▸ **Exercise directions**
This exercise calls for every line of the listing below that contains the word "your".

▸ **Given information**
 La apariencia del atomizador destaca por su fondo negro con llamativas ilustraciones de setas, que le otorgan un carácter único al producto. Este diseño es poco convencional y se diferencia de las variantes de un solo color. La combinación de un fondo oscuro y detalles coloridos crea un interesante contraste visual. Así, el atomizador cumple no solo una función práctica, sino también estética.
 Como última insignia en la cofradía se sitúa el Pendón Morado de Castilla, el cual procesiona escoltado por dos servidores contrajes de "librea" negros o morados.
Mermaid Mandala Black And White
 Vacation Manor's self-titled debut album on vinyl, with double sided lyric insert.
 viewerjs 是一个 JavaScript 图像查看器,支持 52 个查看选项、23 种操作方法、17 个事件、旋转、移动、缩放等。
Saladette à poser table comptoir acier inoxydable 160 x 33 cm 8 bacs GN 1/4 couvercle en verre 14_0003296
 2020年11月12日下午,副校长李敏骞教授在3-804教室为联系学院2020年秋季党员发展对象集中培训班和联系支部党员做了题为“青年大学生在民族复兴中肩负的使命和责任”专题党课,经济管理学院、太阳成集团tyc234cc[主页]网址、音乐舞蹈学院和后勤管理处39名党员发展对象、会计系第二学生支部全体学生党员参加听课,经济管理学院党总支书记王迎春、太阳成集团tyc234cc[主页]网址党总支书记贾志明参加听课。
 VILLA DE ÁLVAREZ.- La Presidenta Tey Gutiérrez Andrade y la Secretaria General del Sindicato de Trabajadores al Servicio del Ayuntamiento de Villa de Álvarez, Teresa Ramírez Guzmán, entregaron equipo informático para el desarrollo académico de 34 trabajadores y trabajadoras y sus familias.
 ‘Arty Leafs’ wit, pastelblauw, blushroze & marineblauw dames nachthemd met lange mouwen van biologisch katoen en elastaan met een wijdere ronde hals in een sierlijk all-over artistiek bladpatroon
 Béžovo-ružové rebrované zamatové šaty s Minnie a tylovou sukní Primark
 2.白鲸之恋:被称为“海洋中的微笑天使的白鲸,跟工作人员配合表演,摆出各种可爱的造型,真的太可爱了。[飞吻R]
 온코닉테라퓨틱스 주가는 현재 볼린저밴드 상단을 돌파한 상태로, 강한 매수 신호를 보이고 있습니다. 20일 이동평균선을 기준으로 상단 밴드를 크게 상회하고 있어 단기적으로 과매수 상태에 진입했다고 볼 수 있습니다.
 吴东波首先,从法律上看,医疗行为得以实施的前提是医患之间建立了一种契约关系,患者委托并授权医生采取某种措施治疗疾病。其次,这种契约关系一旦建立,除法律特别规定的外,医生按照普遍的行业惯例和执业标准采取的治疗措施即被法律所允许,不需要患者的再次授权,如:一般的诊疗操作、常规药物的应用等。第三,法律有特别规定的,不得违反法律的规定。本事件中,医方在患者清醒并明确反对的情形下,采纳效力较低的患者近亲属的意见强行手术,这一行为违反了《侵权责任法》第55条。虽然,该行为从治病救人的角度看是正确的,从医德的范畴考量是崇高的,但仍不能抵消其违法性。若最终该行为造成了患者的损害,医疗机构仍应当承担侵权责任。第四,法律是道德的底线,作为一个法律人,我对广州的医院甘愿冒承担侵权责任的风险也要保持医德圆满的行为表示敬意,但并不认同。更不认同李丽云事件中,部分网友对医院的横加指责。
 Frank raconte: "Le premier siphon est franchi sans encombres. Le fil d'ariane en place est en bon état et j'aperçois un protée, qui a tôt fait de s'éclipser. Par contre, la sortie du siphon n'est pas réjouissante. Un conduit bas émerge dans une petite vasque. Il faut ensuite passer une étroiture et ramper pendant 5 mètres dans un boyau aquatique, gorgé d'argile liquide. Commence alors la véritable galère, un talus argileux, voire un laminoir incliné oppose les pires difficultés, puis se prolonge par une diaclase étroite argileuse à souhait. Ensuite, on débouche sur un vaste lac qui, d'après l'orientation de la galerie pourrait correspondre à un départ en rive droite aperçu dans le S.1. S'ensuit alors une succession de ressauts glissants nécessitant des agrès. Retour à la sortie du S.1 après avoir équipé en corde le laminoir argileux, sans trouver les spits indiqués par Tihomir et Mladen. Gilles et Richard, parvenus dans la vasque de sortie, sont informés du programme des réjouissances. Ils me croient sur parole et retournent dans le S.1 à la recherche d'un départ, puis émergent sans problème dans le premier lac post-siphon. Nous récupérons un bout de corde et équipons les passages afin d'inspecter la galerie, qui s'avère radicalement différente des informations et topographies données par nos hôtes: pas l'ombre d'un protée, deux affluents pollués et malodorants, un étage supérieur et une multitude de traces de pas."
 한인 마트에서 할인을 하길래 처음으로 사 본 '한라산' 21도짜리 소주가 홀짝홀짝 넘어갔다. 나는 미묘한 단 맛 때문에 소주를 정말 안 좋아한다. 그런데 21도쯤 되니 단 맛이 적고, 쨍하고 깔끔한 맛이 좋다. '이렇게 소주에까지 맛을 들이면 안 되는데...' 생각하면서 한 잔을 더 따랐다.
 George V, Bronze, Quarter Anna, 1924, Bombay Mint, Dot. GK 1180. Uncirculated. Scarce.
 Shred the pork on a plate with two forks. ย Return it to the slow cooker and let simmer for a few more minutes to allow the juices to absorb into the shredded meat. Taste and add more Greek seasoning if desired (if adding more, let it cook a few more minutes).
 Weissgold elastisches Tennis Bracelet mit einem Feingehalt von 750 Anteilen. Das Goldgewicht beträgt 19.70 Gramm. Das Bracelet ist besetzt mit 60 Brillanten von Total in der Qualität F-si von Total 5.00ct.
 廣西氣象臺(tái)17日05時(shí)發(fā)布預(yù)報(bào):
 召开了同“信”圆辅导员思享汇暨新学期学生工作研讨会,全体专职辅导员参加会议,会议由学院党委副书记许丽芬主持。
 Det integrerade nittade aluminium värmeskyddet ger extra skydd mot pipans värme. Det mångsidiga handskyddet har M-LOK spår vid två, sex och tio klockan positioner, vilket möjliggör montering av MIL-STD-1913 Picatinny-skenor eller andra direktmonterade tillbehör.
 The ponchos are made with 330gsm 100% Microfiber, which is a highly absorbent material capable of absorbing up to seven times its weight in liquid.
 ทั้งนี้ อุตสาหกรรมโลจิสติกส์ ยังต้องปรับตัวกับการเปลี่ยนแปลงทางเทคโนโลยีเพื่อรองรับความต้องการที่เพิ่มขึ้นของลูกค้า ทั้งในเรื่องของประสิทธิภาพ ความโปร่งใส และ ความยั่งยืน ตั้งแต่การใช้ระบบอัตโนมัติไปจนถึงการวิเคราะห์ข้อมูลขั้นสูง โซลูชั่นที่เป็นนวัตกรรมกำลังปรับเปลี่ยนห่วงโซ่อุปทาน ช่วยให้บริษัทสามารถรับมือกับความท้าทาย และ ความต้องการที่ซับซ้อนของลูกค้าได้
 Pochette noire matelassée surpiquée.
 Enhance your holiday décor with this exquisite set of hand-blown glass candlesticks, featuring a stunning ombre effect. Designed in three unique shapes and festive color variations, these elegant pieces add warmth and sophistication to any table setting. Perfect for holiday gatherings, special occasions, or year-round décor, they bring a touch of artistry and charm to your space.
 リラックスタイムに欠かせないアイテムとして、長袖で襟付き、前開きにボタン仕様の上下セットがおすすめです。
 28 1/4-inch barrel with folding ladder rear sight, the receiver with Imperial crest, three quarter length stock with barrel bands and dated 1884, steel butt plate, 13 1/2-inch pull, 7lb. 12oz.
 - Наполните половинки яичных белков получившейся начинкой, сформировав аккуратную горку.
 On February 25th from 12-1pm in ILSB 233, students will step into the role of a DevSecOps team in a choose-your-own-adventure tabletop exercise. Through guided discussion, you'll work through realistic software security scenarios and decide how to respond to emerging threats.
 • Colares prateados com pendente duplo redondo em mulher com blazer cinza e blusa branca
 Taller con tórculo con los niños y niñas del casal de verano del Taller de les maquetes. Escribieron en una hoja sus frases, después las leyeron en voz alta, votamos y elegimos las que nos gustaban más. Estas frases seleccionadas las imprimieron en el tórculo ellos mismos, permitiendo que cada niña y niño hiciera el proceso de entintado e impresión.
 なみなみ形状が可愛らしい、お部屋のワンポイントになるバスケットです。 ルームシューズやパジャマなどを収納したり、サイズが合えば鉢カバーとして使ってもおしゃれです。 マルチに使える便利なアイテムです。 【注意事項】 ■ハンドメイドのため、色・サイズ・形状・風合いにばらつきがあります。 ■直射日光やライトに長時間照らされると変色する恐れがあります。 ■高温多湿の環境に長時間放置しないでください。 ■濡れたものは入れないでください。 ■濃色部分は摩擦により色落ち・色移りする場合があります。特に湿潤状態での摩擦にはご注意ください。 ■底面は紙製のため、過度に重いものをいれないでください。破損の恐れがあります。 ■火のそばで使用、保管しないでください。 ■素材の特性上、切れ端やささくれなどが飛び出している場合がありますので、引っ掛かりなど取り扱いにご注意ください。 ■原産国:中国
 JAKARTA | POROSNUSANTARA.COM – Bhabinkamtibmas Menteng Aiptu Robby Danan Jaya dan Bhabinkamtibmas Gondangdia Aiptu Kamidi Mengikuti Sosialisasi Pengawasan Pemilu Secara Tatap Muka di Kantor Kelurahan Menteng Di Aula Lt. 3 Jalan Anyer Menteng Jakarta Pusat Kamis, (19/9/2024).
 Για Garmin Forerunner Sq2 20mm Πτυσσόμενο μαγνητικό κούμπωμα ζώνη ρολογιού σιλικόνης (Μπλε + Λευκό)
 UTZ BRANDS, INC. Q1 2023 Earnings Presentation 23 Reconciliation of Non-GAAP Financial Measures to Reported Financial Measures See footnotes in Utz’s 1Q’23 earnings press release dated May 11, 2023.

▸ **Response**
 Enhance your holiday décor with this exquisite set of hand-blown glass candlesticks, featuring a stunning ombre effect. Designed in three unique shapes and festive color variations, these elegant pieces add warmth and sophistication to any table setting. Perfect for holiday gatherings, special occasions, or year-round décor, they bring a touch of artistry and charm to your space.
 On February 25th from 12-1pm in ILSB 233, students will step into the role of a DevSecOps team in a choose-your-own-adventure tabletop exercise. Through guided discussion, you'll work through realistic software security scenarios and decide how to respond to emerging threats.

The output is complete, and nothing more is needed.